The new status of this patch is: Waiting on Author

Thanks for your review.

Actually, the purpose of convert_VALUES_to_ANY() is only to convert the
sublink that includes the Values expression to SAOP.
I have a question: Can we move the convert_VALUES_to_ANY() to another
place? For example:preprocess_qual_conditions().
In pull_up_sublinks_jointree_recurse(), what we want to do is to pull up
the sublinks.

--
Thanks,
Tender Wang

#5David G. Johnston
david.g.johnston@gmail.com
In reply to: Tender Wang (#1)
Re: A little cosmetic to convert_VALUES_to_ANY()

On Sun, Jul 27, 2025 at 12:53 AM Tender Wang <tndrwang@gmail.com> wrote:

We can merge the two scans into one. This can reduce the time complexity
from 2O(n) to O(n).

This seems like an unusual usage of big-O notation.

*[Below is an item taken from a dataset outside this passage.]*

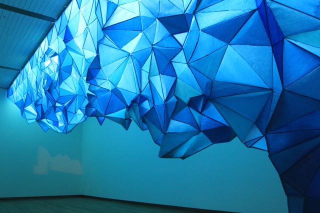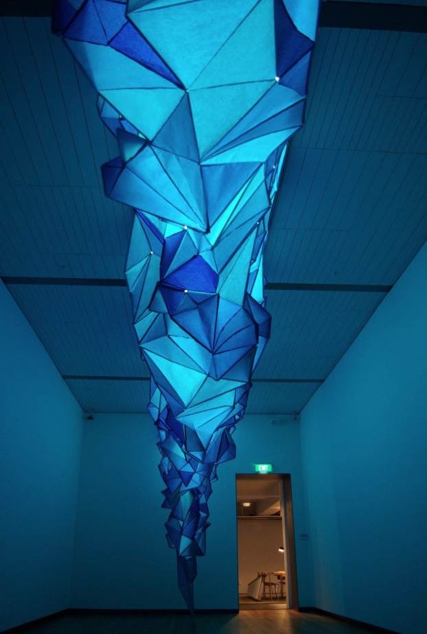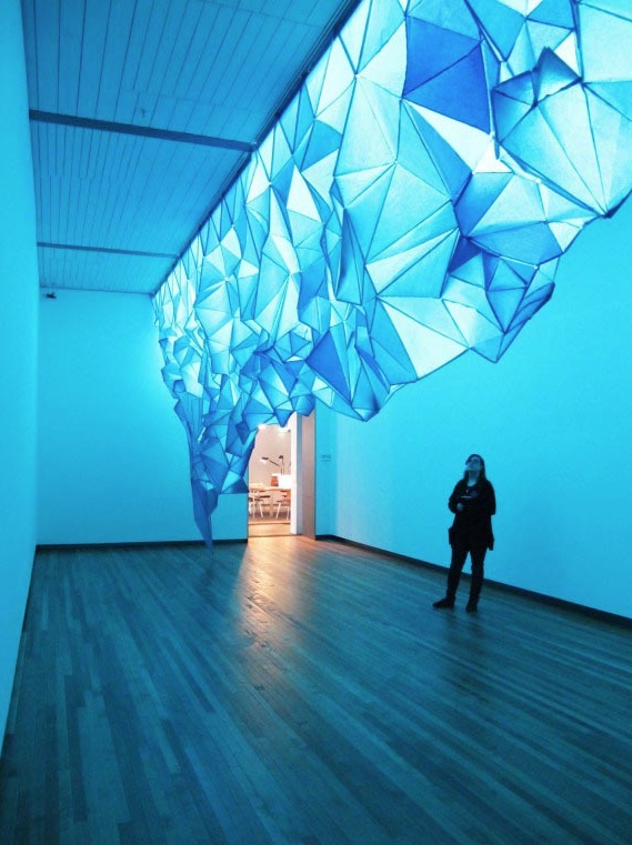 If you ever thought you needed fancy, expensive materials to make an impressive piece of art, then you haven't seen this sculpture by Gabby O'Connor. Called What Lies Beneath, it's a huge installation that resembles an iceberg. Hanging from a ceiling, it's made up of thousands of small paper triangles dyed in shades of blue-green, coated in shellac and then stapled together with thousands of staples. Similar to stained glass, light passes through the thin paper casting, albeit through tiny individual holes, creating a gorgeous glow inside the room. It's like you've stepped into an underwater world, looking at a massive iceberg from below.

Always saw the
meaningful pieces inside the O, and in general I thought O(n) =~ O(xn) for
all x, but especially if x is small.

The point made by Chao Li, that by using a loop guard we avoid performing
expression evaluation, seems like a reasonable and sufficient non-data
supported reason for having the code structured this way. I'd at least
want a more data-driven reason to try and change it in such a simple way
against the read/write boundary that presently exists.

I was pondering whether contain_volatile_functions could/should be taught
to also detect whether every expression it sees resolves to a constant...
contain_volatile_functions((Node *) rte->values_lists, &has_non_constants)

But got a little ways down the call stack and hit the "walker" macro and
decided to stop...

Also, add a brace for better/more consistent style in the attached patch.

Should try and avoid oh-by-the-way fixes like this in behavior patches.

This specific one also doesn't seem warranted. Or, at least, the original
style is indeed de facto acceptable; if-blocks containing a single
executing statement do not get braces but rely on indentation alone. I
don't think that every other if-block in the region being multi-statement
supports an exception.

David J.

#6Tender Wang
tndrwang@gmail.com
In reply to: David G. Johnston (#5)
Re: A little cosmetic to convert_VALUES_to_ANY()

David G. Johnston <david.g.johnston@gmail.com> 于2025年8月4日周一 12:33写道:

On Sun, Jul 27, 2025 at 12:53 AM Tender Wang <tndrwang@gmail.com> wrote:

We can merge the two scans into one. This can reduce the time complexity
from 2O(n) to O(n).

This seems like an unusual usage of big-O notation. Always saw the
meaningful pieces inside the O, and in general I thought O(n) =~ O(xn) for
all x, but especially if x is small.

The point made by Chao Li, that by using a loop guard we avoid performing
expression evaluation, seems like a reasonable and sufficient non-data
supported reason for having the code structured this way. I'd at least
want a more data-driven reason to try and change it in such a simple way
against the read/write boundary that presently exists.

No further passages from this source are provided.